Ba's case is mentioned two years after his expulsion by D. Schoof, head of the IND at the time, in a Telegraaf newspaper article: " a remarkable real life case was the mysterious foreigner 'mr B' "Mr. B was very likely from Africa, but it was hard to tell from which country. Five times he changed nationality, on his own accord, but also due to employees from various embassies. In the end we flew him to Africa and took him to his final destination with a small Cessna-aircraft. He then filed a complaint that we had taken him to the wrong country..."

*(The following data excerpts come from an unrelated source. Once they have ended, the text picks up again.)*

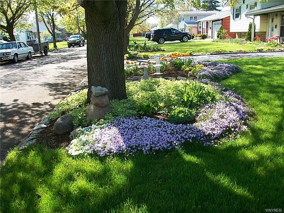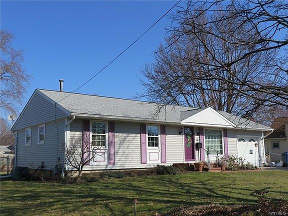 Stunningly decorated and beautifully maintained Ranch features hardwood floors in living room and bright eat-in kitchen. Recent updates include vinyl siding, gutters, exterior doors, garage door, tilt-in windows, tear off roof 2011, high eff. furnace 2015, more. Full and half bath on first floor, fantastic finished, carpeted family room and huge storage / laundry area with built in shelving in basement. Central air and recent additional aluminum attic insulation for extra energy efficiency. Large deck off kitchen overlooking fully fenced yard holding gorgeous perennial gardens with a small pond. Raised beds, dwarf fruit trees (apple, peach, cherry and pear), hazelnut,berry bushes, more. Double wide blacktop driveway, garage door opener. Part of our 100% money back guarantee program.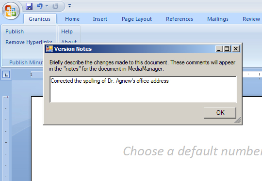 Warning! Changes made to a MS Word minutes document are displayed only in that document; the changes are not reflected within MediaManager.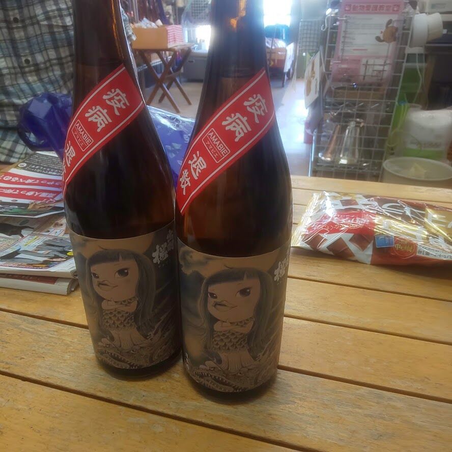中身はスタンダードな出羽桜と言うお酒であるが、ラベルが『アマビエ』さんになっている。知る人ぞ知る疫病を退散させる妖怪の『アマビエ』さんである。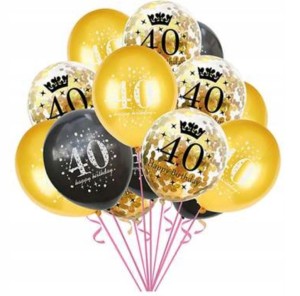zestaw balony złote czarne 40 konfetti 12szt 30 cm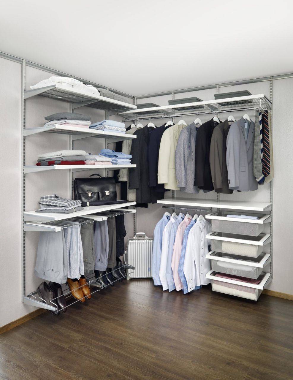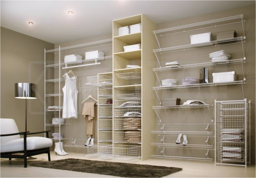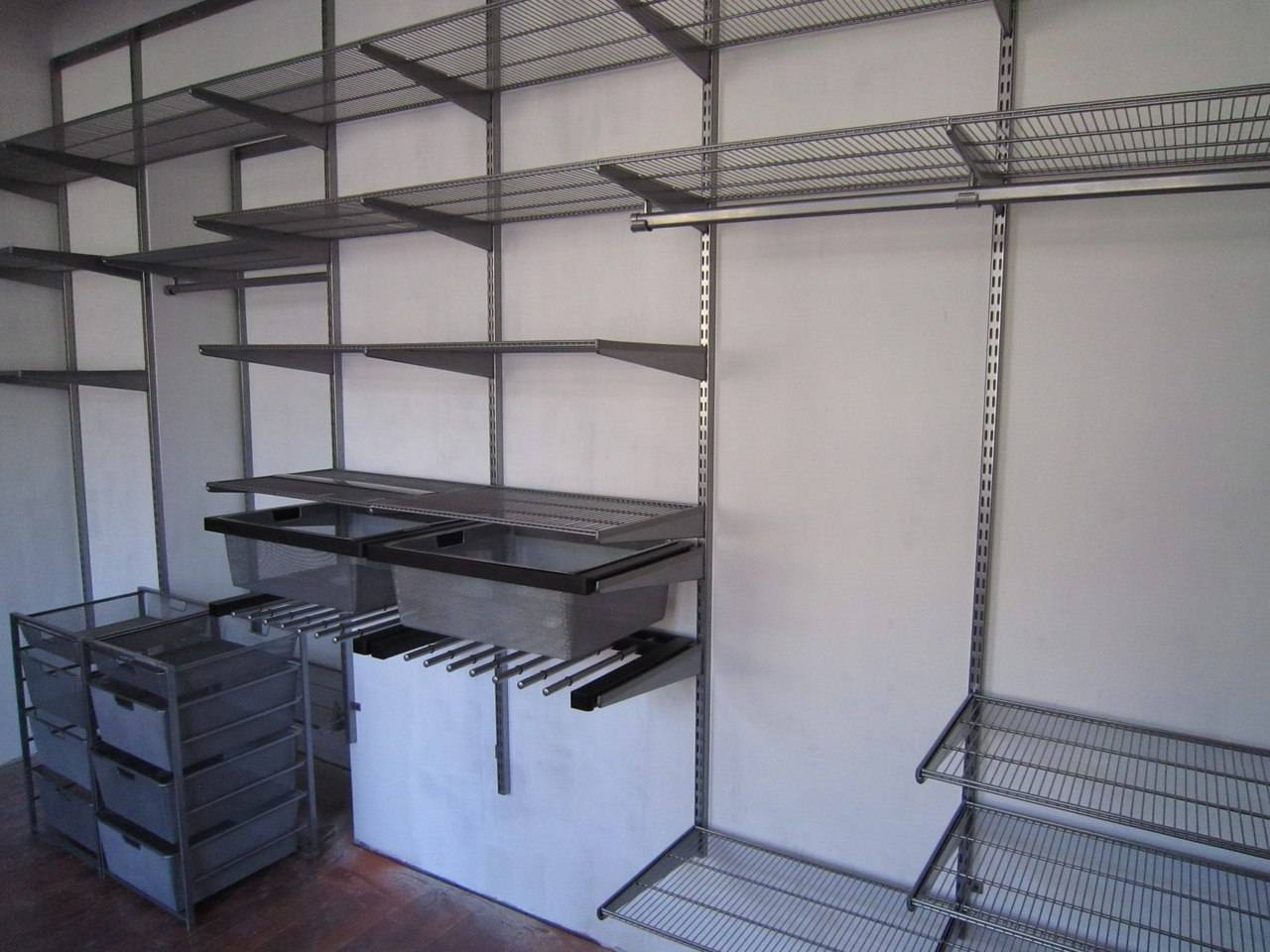 Достоинствами же стандартной сетчатой системы можно считать наличие специальных полозьев. С их помощью можно выдвигать полки и корзины. Конструкция позволяет время от времени проветривать вещи. Дополнительно клиенту предоставляются небольшие элементы, предназначающиеся в основном для хранения небольших по размерам вещей.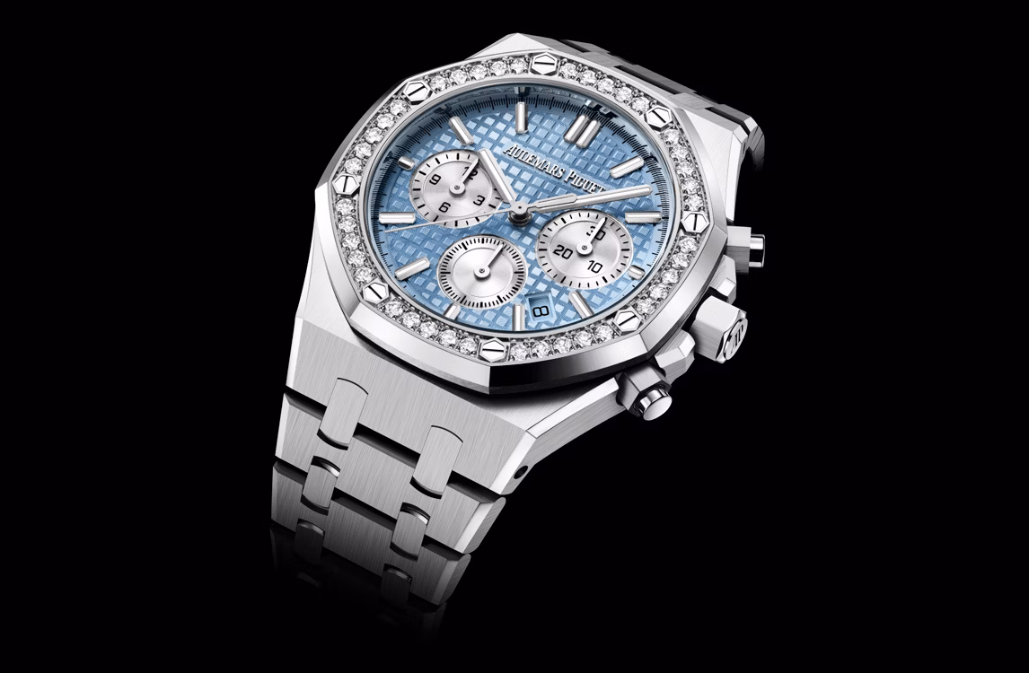 Este cronógrafo de 38 mm combina con elegancia el acero inoxidable con una esfera «Grande Tapisserie» azul claro realzada mediante un bisel engastado con diamantes y contadores plateados. La nueva evolución del diseño Royal Oak brinda al reloj una estética más esbelta.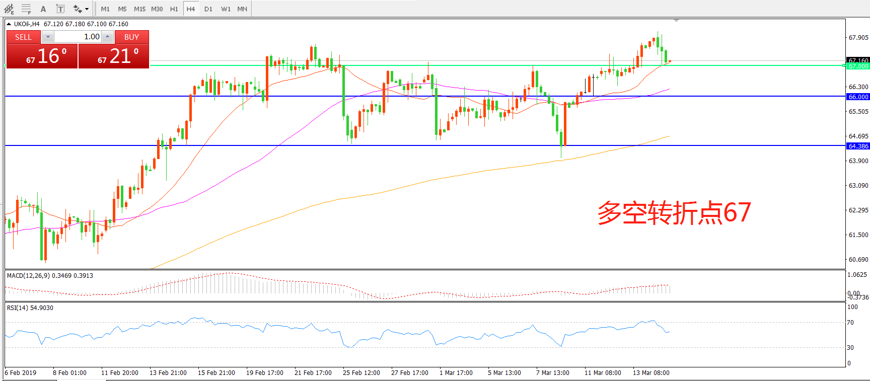 4小时图看,油价整体高位震荡后出现回落,但整体依然维持在67美金支撑之上,短期走势偏强,均线系统呈多头排列,MACD红柱增加,RSI指标有掉头迹象,日内宽幅震荡概率较大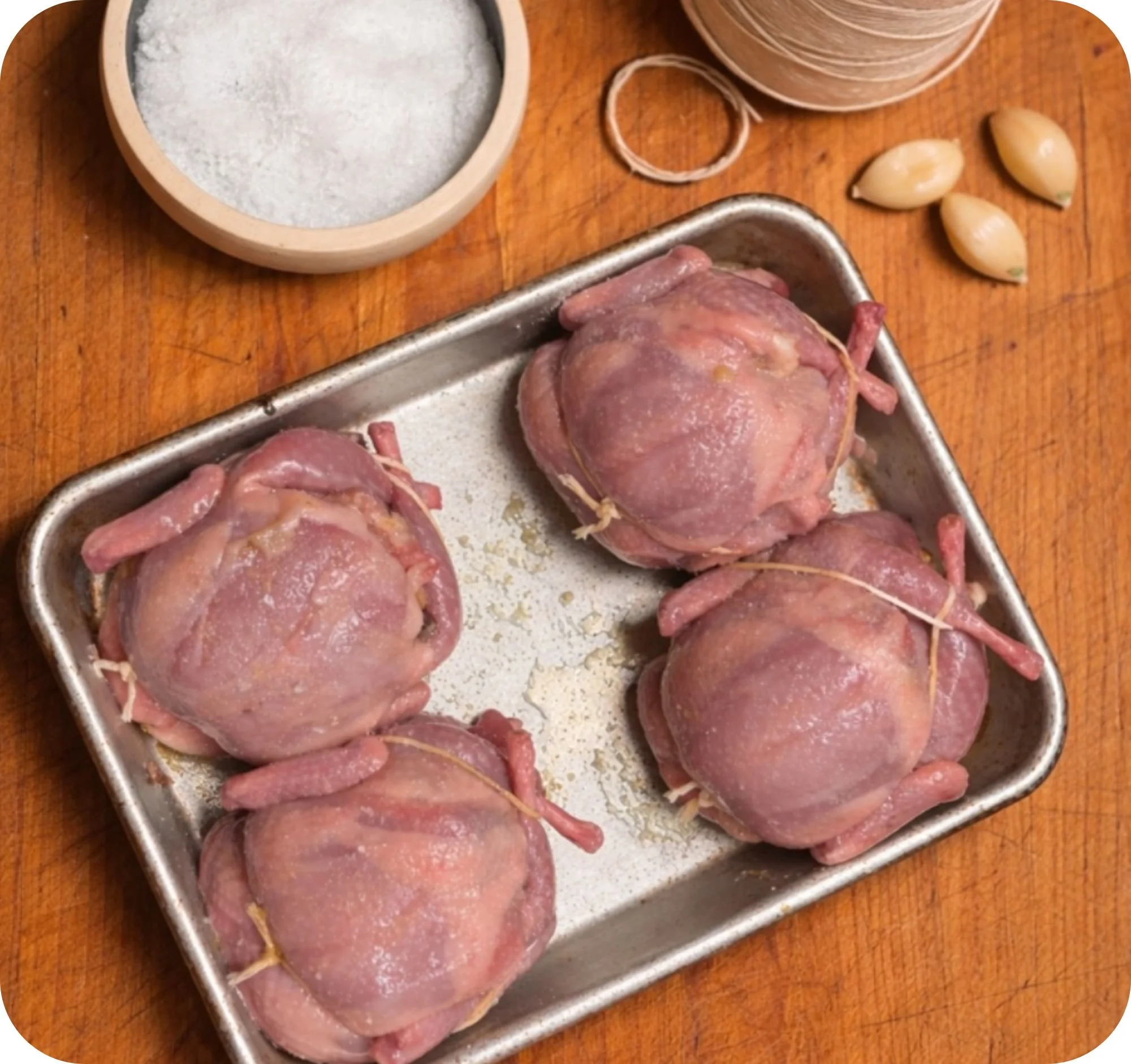 For this recipe, I used Manchester semi-boneless quail. For my customers, I bring these in fresh from my purveyor. You can certainly ask your local butcher to get them for you, or source them directly from the producer here: https://manchesterfarms.com/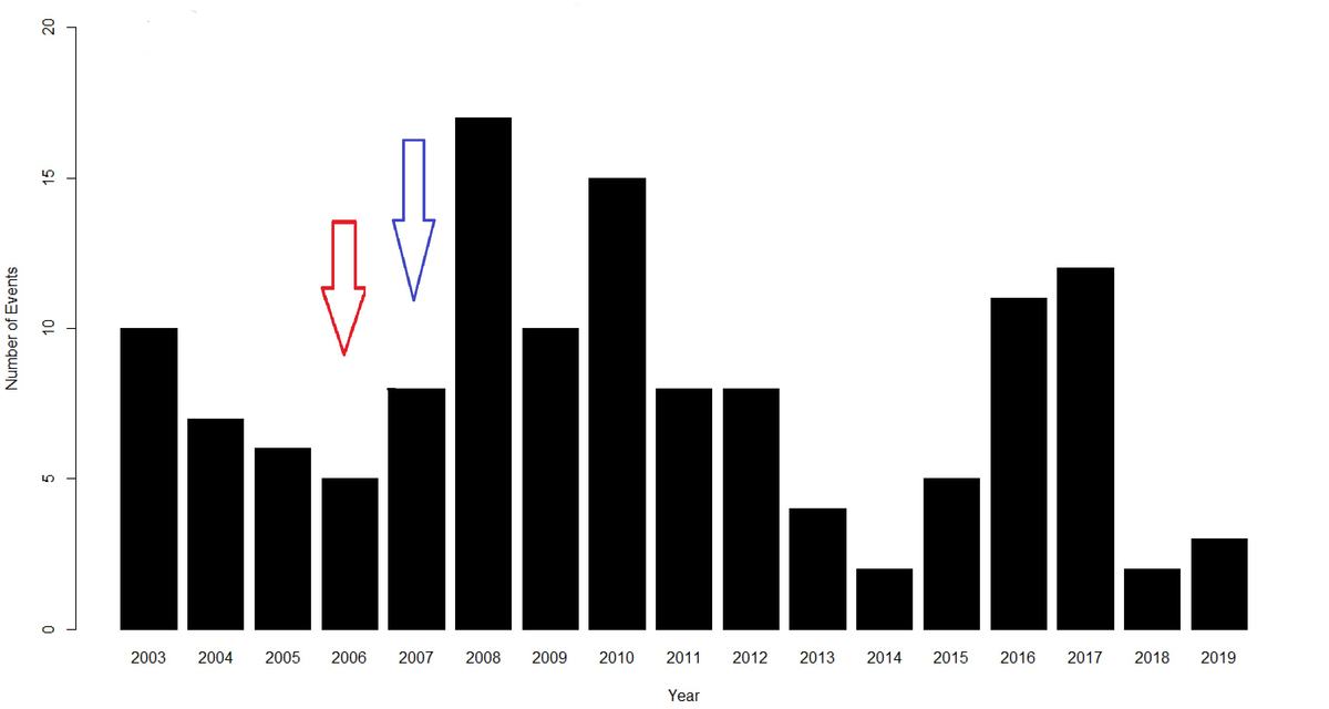Figure 2 shows the number of events, ranging from 2 to 17, by year.

# Injections shouldn't have been applied
The three injections that were applied when Ba resisted the third attempt to remove him from the country were later on considered unlawful and were disapproved of by the Health Care Inspection :
"The Inspection does not consider it the task of a health care organisation to accompany physically healthy persons whose freedom has been taken from them involuntarily. Particularly due to the fact that expert medical supervision is guaranteed, the opportunity arises to continually stretch the limits to the infringement of personal liberty. ." Inspector Hazelnet-Crans concluded that Medicare needs to review their criteria for taking part in medical escorts. The Van de Haak-Commission formulated as early as 1993 in their report about forced deportation 'Humane expulsion: a paradox? ', that injections are only allowed " when requested by the person concerned, or in case of medical necessity" General Manager of Medicare defended applying the injections in Ba's case arguing that there was a medical necessity, because Ba was in danger of suffocation attempting to free himself from his handcuffs. Ba said he had only resisted verbally.